When I was a child I was quite into my reading, every night before bed without fail I would read my books, sometimes even falling asleep among the pages, but I grew out of this for a few years and due to my mental health problems it had a dramatic effect on my concentration. I found it very hard to focus on words, I believed I was missing out lines and I was reading pages over and over again and in all honesty, it tired me out.

Last year, during my down months, my other half (we will find a creative nickname for him at some point), encouraged me to have baths to start relaxing myself...but again, I had no patience, I was only ever in there for 5 minutes before getting bored and fidgety. I decided to start reading at bath time, to get myself lost in a book again, help me focus on something and distract me from my thoughts and fidgeting.

IT WORKED! It has kept me so relaxed. I have bought more books in the last 6 months than I think I have ever done and my attention span is growing a little better each day. I spent so long thinking I COULD NOT focus on the words in a book, that I didn't even try.

This is societies attitude to so much these days...."Why bother?", but there is always the same answer to that question...because it COULD change a lot for the better. It might not always, but it MIGHT, isn't that always worth trying for, at least? I don't want to be a pessimist all my life, I've only been made that way through my mental health so I have to try to be optimistic, even if I don't always feel that way.

My final message in this blog post, the book I am currently reading, a fictional thriller, bought my attention to a word I had never heard before.

"Palimpsest" - noun. Something reused or altered but still bearing visible traces of it's earlier form.

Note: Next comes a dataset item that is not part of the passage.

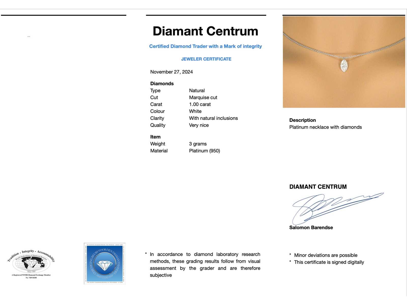 Samenvatting van gegevens Platina halsketting met een grote natuurlijke marquise geslepen diamant Diamant: Natuurlijk; Aantal: 1 stuk; Slijpvorm: Marquise geslepen; Gewicht (carat): Circa 1.00 carat; Kleur: Wit; Zuiverheid: Met natuurlijke insluitsels; Slijpkwaliteit: Zeer mooi; Extra informatie: Lazer enhanced; Juweel: Halsketting; Gewicht: 3 gram; Afmetingen/lengte: 46.5 cm; Materiaal: Platina (950); Conditie: Zo goed als nieuw; Verpakking: Luxe sieradendoos; Toelichting: De kwaliteit is overgenomen van het rapport behorend bij item. De waardebepaling is een beoordeling van een gecertificeerde diamantair, gebaseerd op consumentenprijzen.; Consumentenprijs: € 10.000,- Within 14 days Materiaal: Platina Voornaamste diamant: Natuurlijk Kleur diamant: Wit Slijpvorm diamant: Marquise geslepen Slijpkwaliteit diamant: Zeer mooi Zuiverheidsgraad diamant: Met natuurlijke insluitsels Totaal gewicht: 3g Keurmerk: 950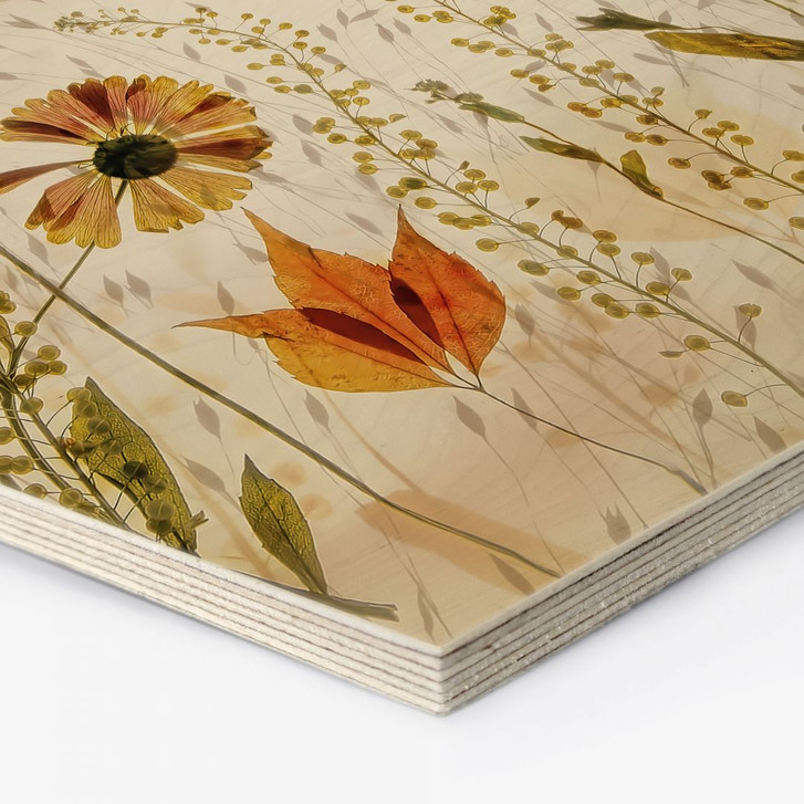 Das Motiv zeigt eine harmonische Vielfalt aus blühenden Gräsern, leuchtenden Blumen und schwebenden Schmetterlingen. Die natürlichen Beige- und Gelbtöne fügen sich nahtlos in verschiedene Einrichtungsstile ein und schaffen eine beruhigende, einladende Atmosphäre. Der Druck auf hochwertigem Holz verleiht dem Bild eine einzigartige Textur, die die Verbindung zur Natur unterstreicht.

Despite this usually being used for a place/country or a piece of architecture it made me think...that's what we all are isn't it? We have all been altered in some way throughout our lives...but even if our journeys have been hard, rough and difficult and have changed us beyond recognition to some people, the ones who truly know us, especially us ourselves will always see that same fire inside us. That fire will not go out. Show those visible traces and be proud of you.

Kim xx


P.S. The book I am reading is "The Girl Before" by JP Delaney. I am only halfway through so for any other bookworms out there who are interested in this, I will give you my review at a later date. However, So far....so good!